- _WORK REQUIRED_: Give back all the records exactly, keeping every line whole.

(Data extracted from a collection)

================================

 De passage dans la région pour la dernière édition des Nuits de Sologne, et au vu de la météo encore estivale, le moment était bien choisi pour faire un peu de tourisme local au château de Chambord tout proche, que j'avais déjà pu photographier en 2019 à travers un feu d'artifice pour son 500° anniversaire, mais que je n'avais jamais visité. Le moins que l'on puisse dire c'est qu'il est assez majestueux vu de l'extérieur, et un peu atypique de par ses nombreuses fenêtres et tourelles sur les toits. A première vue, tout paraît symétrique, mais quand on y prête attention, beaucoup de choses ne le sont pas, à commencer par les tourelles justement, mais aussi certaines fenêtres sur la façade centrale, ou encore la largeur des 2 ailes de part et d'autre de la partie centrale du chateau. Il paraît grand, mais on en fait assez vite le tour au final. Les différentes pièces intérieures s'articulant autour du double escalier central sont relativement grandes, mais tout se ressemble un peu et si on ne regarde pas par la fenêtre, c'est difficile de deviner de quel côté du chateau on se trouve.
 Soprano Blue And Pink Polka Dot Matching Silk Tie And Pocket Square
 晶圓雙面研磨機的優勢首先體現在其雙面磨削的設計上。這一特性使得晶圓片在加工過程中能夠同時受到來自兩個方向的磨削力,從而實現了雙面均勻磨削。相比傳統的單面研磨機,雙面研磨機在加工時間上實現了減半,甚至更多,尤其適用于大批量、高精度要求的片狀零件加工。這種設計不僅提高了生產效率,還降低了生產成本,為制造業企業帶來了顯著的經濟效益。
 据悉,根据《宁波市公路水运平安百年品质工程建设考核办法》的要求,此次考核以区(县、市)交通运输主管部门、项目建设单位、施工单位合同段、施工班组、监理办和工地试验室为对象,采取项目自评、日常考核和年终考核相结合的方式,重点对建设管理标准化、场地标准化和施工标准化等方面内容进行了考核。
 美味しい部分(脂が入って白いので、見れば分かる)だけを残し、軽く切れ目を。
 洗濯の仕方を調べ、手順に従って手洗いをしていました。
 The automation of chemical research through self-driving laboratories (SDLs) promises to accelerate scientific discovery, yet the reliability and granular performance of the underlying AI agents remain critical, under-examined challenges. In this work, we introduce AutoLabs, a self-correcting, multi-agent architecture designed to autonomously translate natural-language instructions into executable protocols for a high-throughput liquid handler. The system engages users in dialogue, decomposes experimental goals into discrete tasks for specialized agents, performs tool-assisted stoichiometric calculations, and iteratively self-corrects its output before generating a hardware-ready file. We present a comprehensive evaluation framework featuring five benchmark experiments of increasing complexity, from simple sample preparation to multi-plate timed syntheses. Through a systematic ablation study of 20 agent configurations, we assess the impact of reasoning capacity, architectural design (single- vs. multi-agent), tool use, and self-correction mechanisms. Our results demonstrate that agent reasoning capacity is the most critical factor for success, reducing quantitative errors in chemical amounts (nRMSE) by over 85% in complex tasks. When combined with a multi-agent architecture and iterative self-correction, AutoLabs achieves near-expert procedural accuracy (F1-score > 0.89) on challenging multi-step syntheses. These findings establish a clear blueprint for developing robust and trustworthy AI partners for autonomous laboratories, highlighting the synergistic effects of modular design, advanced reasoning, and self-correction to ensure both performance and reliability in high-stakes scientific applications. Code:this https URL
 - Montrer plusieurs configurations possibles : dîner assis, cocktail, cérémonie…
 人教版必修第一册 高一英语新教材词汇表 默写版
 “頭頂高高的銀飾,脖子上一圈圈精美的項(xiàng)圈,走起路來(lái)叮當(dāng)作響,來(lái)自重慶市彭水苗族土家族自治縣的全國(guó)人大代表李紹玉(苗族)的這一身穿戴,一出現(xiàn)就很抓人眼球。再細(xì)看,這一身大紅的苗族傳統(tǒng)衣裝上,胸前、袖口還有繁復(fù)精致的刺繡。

================================

- _ANSWER AREA_:
 De passage dans la région pour la dernière édition des Nuits de Sologne, et au vu de la météo encore estivale, le moment était bien choisi pour faire un peu de tourisme local au château de Chambord tout proche, que j'avais déjà pu photographier en 2019 à travers un feu d'artifice pour son 500° anniversaire, mais que je n'avais jamais visité. Le moins que l'on puisse dire c'est qu'il est assez majestueux vu de l'extérieur, et un peu atypique de par ses nombreuses fenêtres et tourelles sur les toits. A première vue, tout paraît symétrique, mais quand on y prête attention, beaucoup de choses ne le sont pas, à commencer par les tourelles justement, mais aussi certaines fenêtres sur la façade centrale, ou encore la largeur des 2 ailes de part et d'autre de la partie centrale du chateau. Il paraît grand, mais on en fait assez vite le tour au final. Les différentes pièces intérieures s'articulant autour du double escalier central sont relativement grandes, mais tout se ressemble un peu et si on ne regarde pas par la fenêtre, c'est difficile de deviner de quel côté du chateau on se trouve.
 Soprano Blue And Pink Polka Dot Matching Silk Tie And Pocket Square
 晶圓雙面研磨機的優勢首先體現在其雙面磨削的設計上。這一特性使得晶圓片在加工過程中能夠同時受到來自兩個方向的磨削力,從而實現了雙面均勻磨削。相比傳統的單面研磨機,雙面研磨機在加工時間上實現了減半,甚至更多,尤其適用于大批量、高精度要求的片狀零件加工。這種設計不僅提高了生產效率,還降低了生產成本,為制造業企業帶來了顯著的經濟效益。
 据悉,根据《宁波市公路水运平安百年品质工程建设考核办法》的要求,此次考核以区(县、市)交通运输主管部门、项目建设单位、施工单位合同段、施工班组、监理办和工地试验室为对象,采取项目自评、日常考核和年终考核相结合的方式,重点对建设管理标准化、场地标准化和施工标准化等方面内容进行了考核。
 美味しい部分(脂が入って白いので、見れば分かる)だけを残し、軽く切れ目を。
 洗濯の仕方を調べ、手順に従って手洗いをしていました。
 The automation of chemical research through self-driving laboratories (SDLs) promises to accelerate scientific discovery, yet the reliability and granular performance of the underlying AI agents remain critical, under-examined challenges. In this work, we introduce AutoLabs, a self-correcting, multi-agent architecture designed to autonomously translate natural-language instructions into executable protocols for a high-throughput liquid handler. The system engages users in dialogue, decomposes experimental goals into discrete tasks for specialized agents, performs tool-assisted stoichiometric calculations, and iteratively self-corrects its output before generating a hardware-ready file. We present a comprehensive evaluation framework featuring five benchmark experiments of increasing complexity, from simple sample preparation to multi-plate timed syntheses. Through a systematic ablation study of 20 agent configurations, we assess the impact of reasoning capacity, architectural design (single- vs. multi-agent), tool use, and self-correction mechanisms. Our results demonstrate that agent reasoning capacity is the most critical factor for success, reducing quantitative errors in chemical amounts (nRMSE) by over 85% in complex tasks. When combined with a multi-agent architecture and iterative self-correction, AutoLabs achieves near-expert procedural accuracy (F1-score > 0.89) on challenging multi-step syntheses. These findings establish a clear blueprint for developing robust and trustworthy AI partners for autonomous laboratories, highlighting the synergistic effects of modular design, advanced reasoning, and self-correction to ensure both performance and reliability in high-stakes scientific applications. Code:this https URL
 - Montrer plusieurs configurations possibles : dîner assis, cocktail, cérémonie…
 人教版必修第一册 高一英语新教材词汇表 默写版
 “頭頂高高的銀飾,脖子上一圈圈精美的項(xiàng)圈,走起路來(lái)叮當(dāng)作響,來(lái)自重慶市彭水苗族土家族自治縣的全國(guó)人大代表李紹玉(苗族)的這一身穿戴,一出現(xiàn)就很抓人眼球。再細(xì)看,這一身大紅的苗族傳統(tǒng)衣裝上,胸前、袖口還有繁復(fù)精致的刺繡。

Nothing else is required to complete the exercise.